Well, it has been almost exactly one month since Irene annihilated our great State of Vermont. Recovery is quick in some views and painfully slow in other views.  The road crews have been tremendous in working sun up to sun down 7 days a week.  Many roads are still closed around here, but new openings occur every week. The drive to and from Ludlow to Reading (and such parts) goes on beautiful back roads.  There is this funny place on one of the roads where a dip or rut is. To provide caution to local drivers, someone was kind enough to put signs up in each direction warning of the rut.  I guess whoever created the signs had a dearth of materials though.  Red spray paint on a small cardboard box makes for a somewhat comical warning.

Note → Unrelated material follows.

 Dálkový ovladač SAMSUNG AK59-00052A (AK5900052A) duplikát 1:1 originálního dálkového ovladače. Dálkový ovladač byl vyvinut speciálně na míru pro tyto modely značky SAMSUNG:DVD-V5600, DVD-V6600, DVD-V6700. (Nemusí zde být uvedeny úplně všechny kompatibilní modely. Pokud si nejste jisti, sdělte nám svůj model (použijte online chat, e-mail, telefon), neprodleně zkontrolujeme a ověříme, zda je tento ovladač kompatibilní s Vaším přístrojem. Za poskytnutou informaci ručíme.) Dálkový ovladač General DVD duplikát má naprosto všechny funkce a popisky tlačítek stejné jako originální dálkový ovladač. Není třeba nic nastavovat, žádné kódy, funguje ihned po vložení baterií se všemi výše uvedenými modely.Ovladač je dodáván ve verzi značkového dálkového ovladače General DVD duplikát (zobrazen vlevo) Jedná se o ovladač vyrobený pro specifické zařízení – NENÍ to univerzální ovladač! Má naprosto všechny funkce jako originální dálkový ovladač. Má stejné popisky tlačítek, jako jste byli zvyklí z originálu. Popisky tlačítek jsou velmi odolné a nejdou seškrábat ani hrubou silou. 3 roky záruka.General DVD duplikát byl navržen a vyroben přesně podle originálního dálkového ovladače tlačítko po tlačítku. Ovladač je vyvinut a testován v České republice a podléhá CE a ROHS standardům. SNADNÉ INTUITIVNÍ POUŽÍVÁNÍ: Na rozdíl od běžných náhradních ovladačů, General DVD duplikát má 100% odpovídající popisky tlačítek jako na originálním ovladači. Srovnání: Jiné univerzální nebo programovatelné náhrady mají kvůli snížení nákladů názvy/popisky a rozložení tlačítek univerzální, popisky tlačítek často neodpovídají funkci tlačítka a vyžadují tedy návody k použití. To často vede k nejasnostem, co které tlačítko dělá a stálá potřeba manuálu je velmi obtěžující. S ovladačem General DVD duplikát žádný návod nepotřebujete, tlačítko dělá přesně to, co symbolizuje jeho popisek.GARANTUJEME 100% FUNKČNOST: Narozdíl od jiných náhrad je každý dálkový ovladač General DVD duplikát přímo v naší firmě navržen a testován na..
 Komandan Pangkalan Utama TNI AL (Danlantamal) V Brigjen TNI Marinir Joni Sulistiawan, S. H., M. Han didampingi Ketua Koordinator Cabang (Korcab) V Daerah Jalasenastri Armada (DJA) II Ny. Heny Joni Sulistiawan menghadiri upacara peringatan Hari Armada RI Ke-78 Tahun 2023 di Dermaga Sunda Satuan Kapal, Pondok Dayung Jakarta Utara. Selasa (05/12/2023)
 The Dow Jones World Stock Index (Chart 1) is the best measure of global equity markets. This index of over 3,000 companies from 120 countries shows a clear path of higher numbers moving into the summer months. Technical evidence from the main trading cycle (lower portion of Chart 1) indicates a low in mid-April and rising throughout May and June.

Can't help but wonder how long this sign will hold up
I've been able to do a little climbing in the past month.  Feel sort of guilty leaving the town behind with so much more homes to cleanup.  But we keep checking in and offering to help where and when we can. There is a good email system letting folks know who needs help and when.

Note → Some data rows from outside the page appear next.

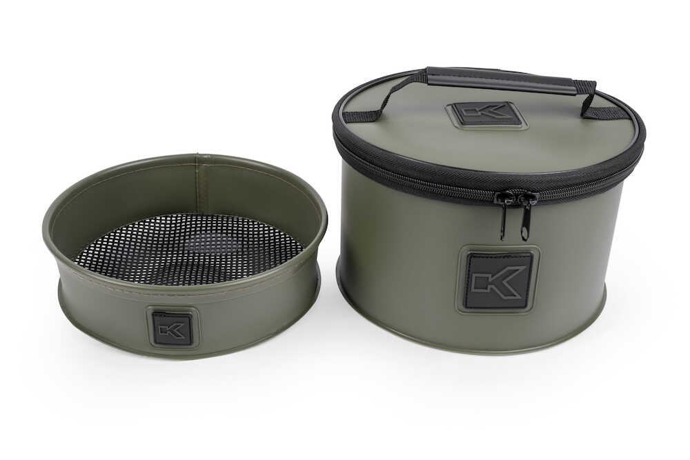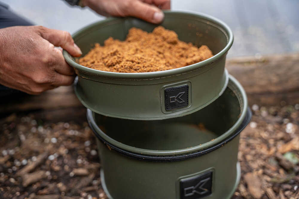 Zawiera uchwyt do przenoszenia. Wewnętrzna wkładka ściśle przylega do góry, umożliwiając swobodne przechodzenie zanęty w razie potrzeby.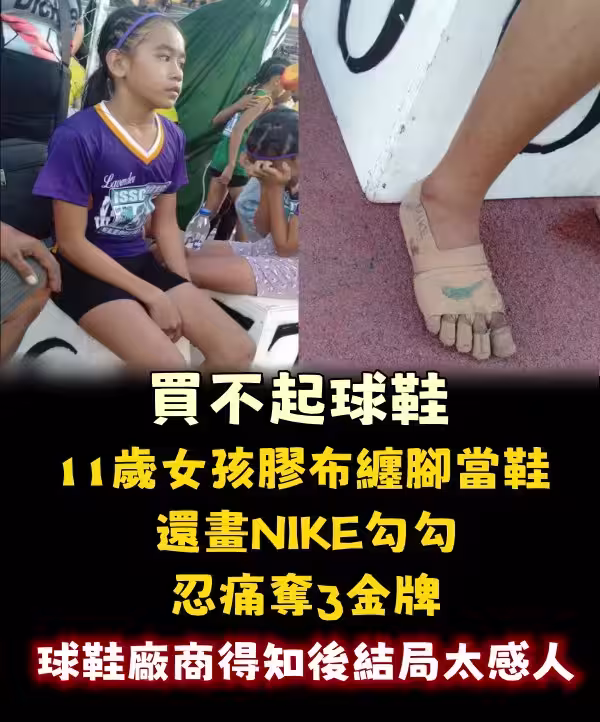 買不起球鞋 ,11歲女孩膠布纏腳當鞋,還畫NIKE勾勾忍痛奪3金牌,球鞋廠商得知後,結局太感人~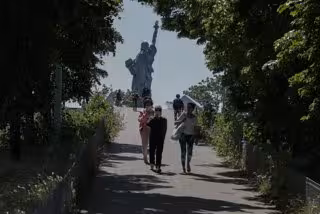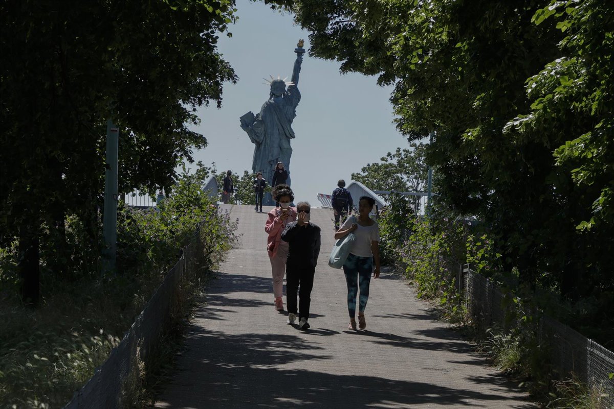 Franceses con mascarilla junto a la Estatua de la Libertad de París - Henri Szwarc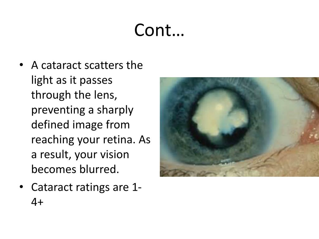 Cont… • A cataract scatters the light as it passes through the lens, preventing a sharply defined image from reaching your retina. As a result, your vision becomes blurred. • Cataract ratings are 1-4+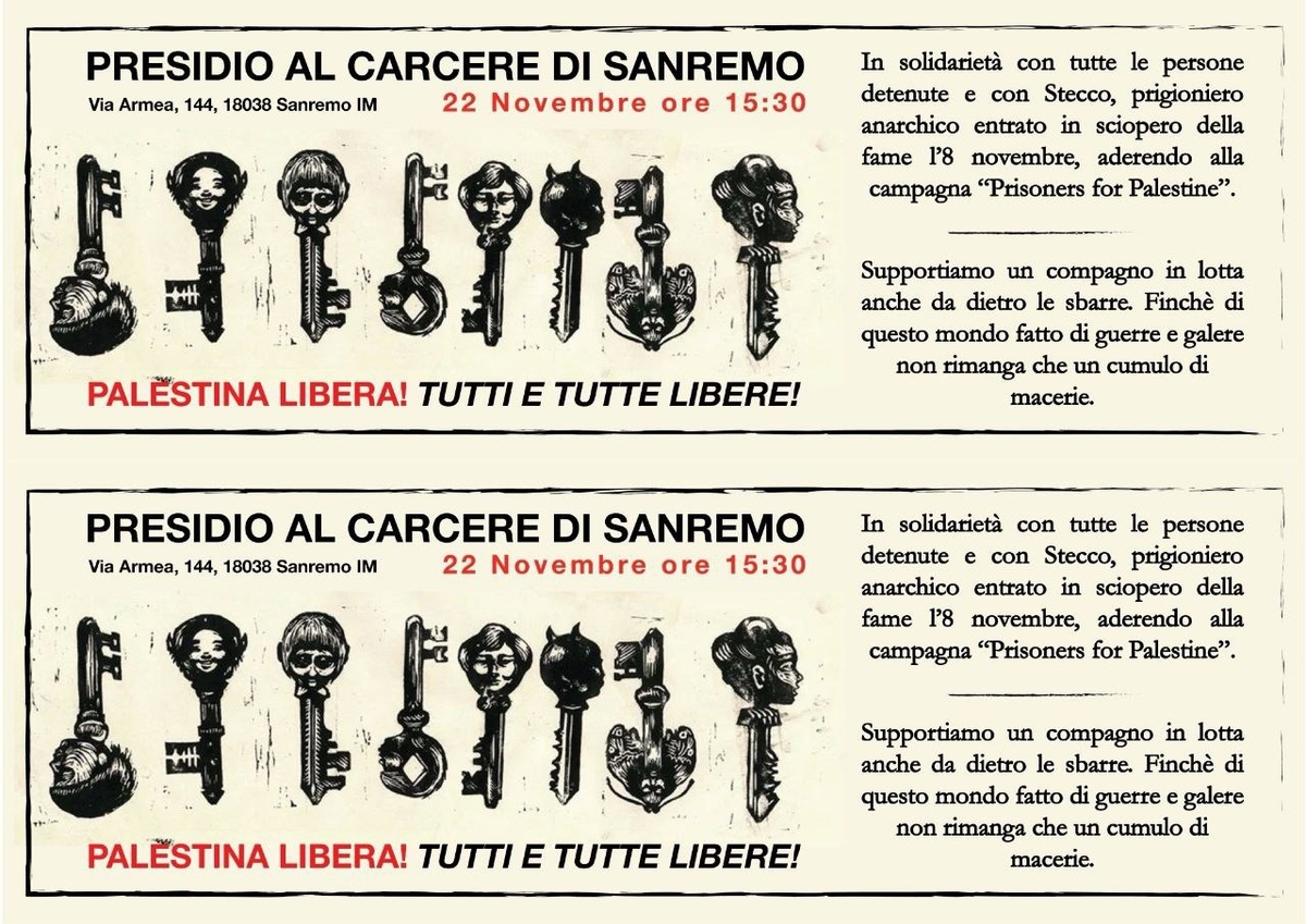 https://ilrovescio.info/2025/11/17/sanremo-imperia-22-novembre-presidio-al-carcere-in-solidarieta-con-stecco-e-tutti-i-prigionieri/

Annie and I made it over to Poke-O-Moonshine in the Adirondacks and climbed all pitches of the classic Gamesmanship.  We had done this route 4 years ago and I got spanked on the fourth pitch.  I figured this time with much better weather conditions and improved skills it wouldn't present a problem. I was wrong. The 4th pitch is a beautiful "hand crack" (translates to "off-fists" for me).  It is rated only 5.7+ compared to the first pitch crux rating of 5.8+.  I had to French Free the damned thing to keep from pumping out and falling off!  The first pitch is long and sustained, but in my opinion not nearly as hard as Pitch 4.  The crack presents itself to me like this: when the hands get more secure the feet are terrible - when the feet get more secure (read "painful") the hands are lousy (way too wide). Makes for some interesting and strenuous climbing.  There are no face features to bail you out - it is pure jamming, so if your appendages don't fit the crack, get ready to grunt!  This is another typical example of a climb being rated by men with large hands. I am sure it is 5.7+ for Mr. Big Hands!  Pitch 1 was more my style and great fun.

Anyhoo, the ride over there is darned nice if you break it up with a ferry ride.  Here is a short video on the "approach" to Poke-O.

Now it's raining again, but it should subside enough to get on some rock before the end of the day Sunday.  I had an AMC trip to co-lead on Whitehorse which was postponed to Sunday...looks like I won't be needed since the trip is no longer filled due to weather regrets. So Annie and I will hope to get on some cracks up there on Whitehorse or Cathedral.